我目前正在尝试理解C中的字符串格式化漏洞,但要实现这一点,我必须了解内存堆栈的一些奇怪的行为(至少对我而言)。
我有一个程序
#include <string.h>
#include <stdio.h>
int main(int argc, char *argv[]) {
char buffer[200];
char key[] = "secret";
printf("Location of key: %p\n", key);
printf("Location of buffer: %p\n", &buffer);
strcpy(buffer, argv[1]);
printf(buffer);
printf("\n");
return 0;
}
我打电话给
./form AAAA.BBBE.%08x.%08x.%08x.%08x.%08x.%08x.%08x.%08x.%08x
我期望获得类似
的东西... .41414141.42424245。 ...
但我得到
... .41414141.4242422e.30252e45。 ......(B和E之间有一些特征)。
这里发生了什么?
我禁用了ASLR和堆栈保护,并使用-m32标志进行编译。
答案 0 :(得分:2)
I think your output is just fine. x86 is little-endian - least significant byte of a number has smaller address in memory, so 1000 (0x3E8
) is stored as E8 03
, not 03 E8
(that would be big-endian).
Let's assume that the compiler passes all arguments to printf
through stack and variadic arguments are expected to be laid on the stack from its top to its end (on x86 that means "from lower addresses to higher addresses").
So, before calling printf
our stack would like like this:
<return address><something>AAAA.BBBE.%08x.%<something>
^ - head of the stack
Or, if we spell each byte in hex:
<return address><something>414141412e424242452e253038782e25<something>
^ - head of the stack A A A A . B B B E . % 0 8 x . %
Then you ask printf
to take a lot of unsigned int
s from the stack (32-bit, presumably) and print them in hexadecimal, separated by dots. It skips <return address>
and some other details of stack frame and starts from some random point in the stack before buffer
(because buffer
is in parent's stack frame). Suppose that at some point it takes the following chunk as 4-byte int
:
<return address><something>414141412e424242452e253038782e25<something>
^ - head of the stack A A A A . B B B E . % 0 8 x . %
^^^^^^^^
That is, our int is represented in memory with four bytes.

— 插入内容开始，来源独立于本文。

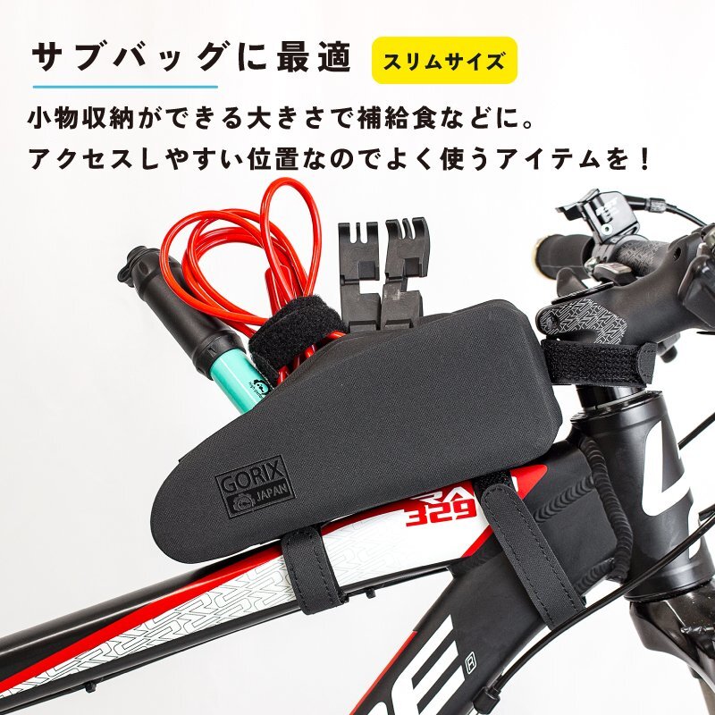 ロードバイク、クロスバイク、MTB等に最適なフレームバッグです。

Their values are, starting from the byte with the smallest address: 41 41 41 2e
. As x86 is a little-endian, 2e
is the most significant byte, which means this sequence is interpreted as 0x2e414141
and printed as such.
Now, if we look at your output:
41414141.4242422e.30252e45
We see that there are three int
s: 0x41414141
(stored as 41 41 41 41
in memory), 0x4242422e
(stored as 2e 42 42 42
in memory because the least significant byte has the smallest address) and 0x30252e45
(stored as 45 2e 25 30
in memory). That is, in that case printf
read the following bytes:
number one |number two |number three|
41 41 41 41|2e 42 42 42|45 2e 25 30 |
A A A A |. B B B |E . % 0 |
Which looks perfectly correct to me - it's beginning of buffer
as expected.
答案 1 :(得分:1)
This is essentially what you're outputting with the %08x
formats, and you're on a little-endian machine:
41 41 41 41 2e 42 42 42 45 2e 25 30 38 78 2e 25 30 38 78 2e 25 30 38 78 2e
41
s, and they get flipped to be all 41
s.2e424242
, which become 4242422e
.452e2530
becomes 30252e45
.It's easier to figure this out if you look at buffer
in a memory window in your debugger.
By the way, you can print the address of buffer like this (without the &):
printf("Location of buffer: %p\n", buffer);
答案 2 :(得分:-1)
You're passing AAAA.BBBE.%08x...
to printf which is the format specifier. So printf expects an additional unsigned integer
argument for every %08x
. But you don't provide any, the behaviour will be undefined.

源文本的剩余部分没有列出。